Le site officiel de Guinée équatoriale a annoncé que Teodoro Obiang Nguema Mbasogo, au pouvoir depuis 1979, serait « nominé » au Prix Nobel de la Paix 2025. Une annonce choquante, d’abord parce que le processus Nobel est strictement confidentiel et qu’aucune nomination n’est jamais rendue publique par le comité avant cinquante ans. Mais surtout parce qu’elle illustre le cynisme d’un régime qui tente de transformer l’une des dictatures les plus sanglantes d’Afrique en une prétendue vitrine de paix.

Car la vérité est implacable. Obiang ne fut pas un spectateur, mais le bras exécuteur de la terreur instaurée par Macías Nguema. C’est sous son autorité militaire que furent perpétrés les massacres qui ont décimé la classe intellectuelle équato-guinéenne, provoqué des dizaines de milliers d’exils et réduit un pays à l’état de prison à ciel ouvert.

Mon père, Raimundo Ela Nve, ingénieur de renom, avait choisi de défendre la vie dans ce contexte de mort. Son intégrité et son engagement l’ont désigné comme cible d’un système qui voulait anéantir toute conscience libre. Son histoire, loin d’être oubliée, a été documentée par le journaliste d’investigation Paul Kenyon, qui a su rendre hommage à son rôle et montrer comment son courage illustre la lutte d’une génération sacrifiée.

C’est à lui, et à cette génération, que je rends hommage aujourd’hui. Leur combat, je le poursuis.

Car les méthodes d’hier perdurent. Le pouvoir se transmet désormais par les fils, avec les mêmes pratiques : exclusion, menaces, tortures, collusion avec les multinationales. Mon propre parcours en témoigne. Après avoir été neutralisé professionnellement par Nalco/ChampionX, une entreprise opérant sous l’aile de Gabriel Obiang, j’ai dû fuir, me battre, et aujourd’hui engager une procédure judiciaire en France. Le 12 Septembre 2025 au Tribunal de Prud’homme de Bobigny (France) s’ouvrira un premier procès que j’ai choisi de transformer en cas de jurisprudence internationale. Parce qu’il ne s’agit pas seulement de mon histoire, mais de celle de tous les intellectuels équato-guinéens et africains condamnés au silence par les dictatures et l’impunité des grandes compagnies.

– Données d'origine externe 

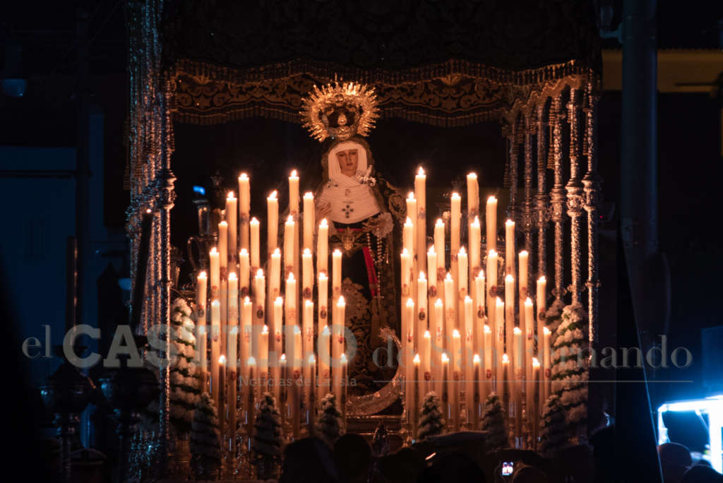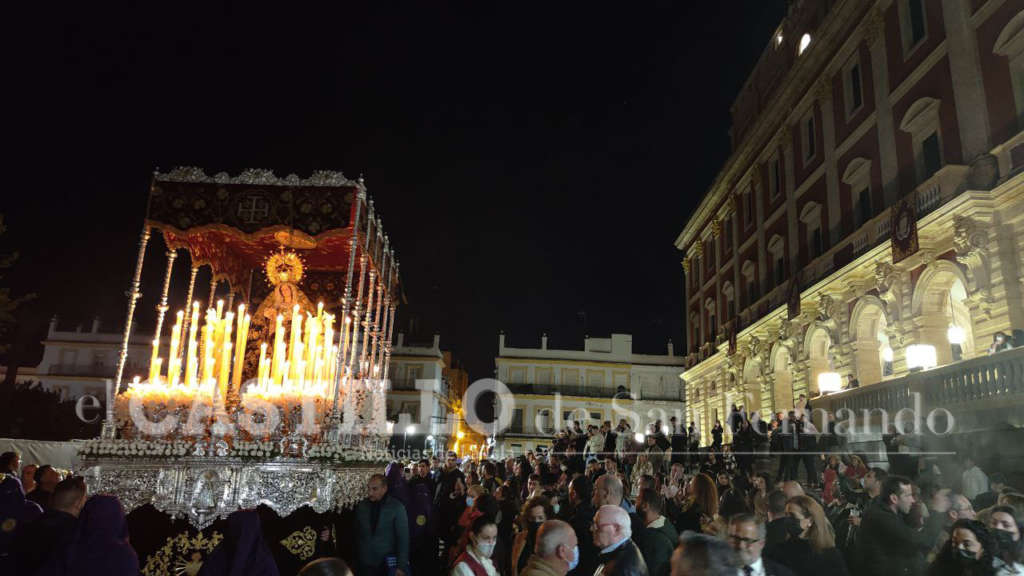 El recorrido de vuelta, que cada año cuenta con más fieles, tuvo su punto álgido en su barrio donde cada año es esperado por todo un barrio que, seguramente, cuentan los días que puedan faltar para ver a su Dolorosa, María Santísima de la Paz, acompañando a su hijo cada Jueves Santo por las calles de La Isla.

Voilà le contraste : un dictateur qui s’autoproclame artisan de paix, et une génération de victimes qui continue de chercher justice. Voilà pourquoi le mouvement que j’ai fondé, MILIGE, aujourd’hui reconnu légalement en France, s’engage pour une transition politique souveraine, pour la mémoire des victimes et pour la reconstruction d’une Guinée équatoriale enfin libre.

Si le Prix Nobel de la Paix a une valeur, il ne peut être dévoyé en instrument de propagande. La vraie paix se construit sur la vérité, la justice et la dignité des peuples. L’héritage de mon père et le combat que je mène aujourd’hui rappellent que ce chemin ne peut être effacé par des communiqués officiels, aussi bruyants soient-ils.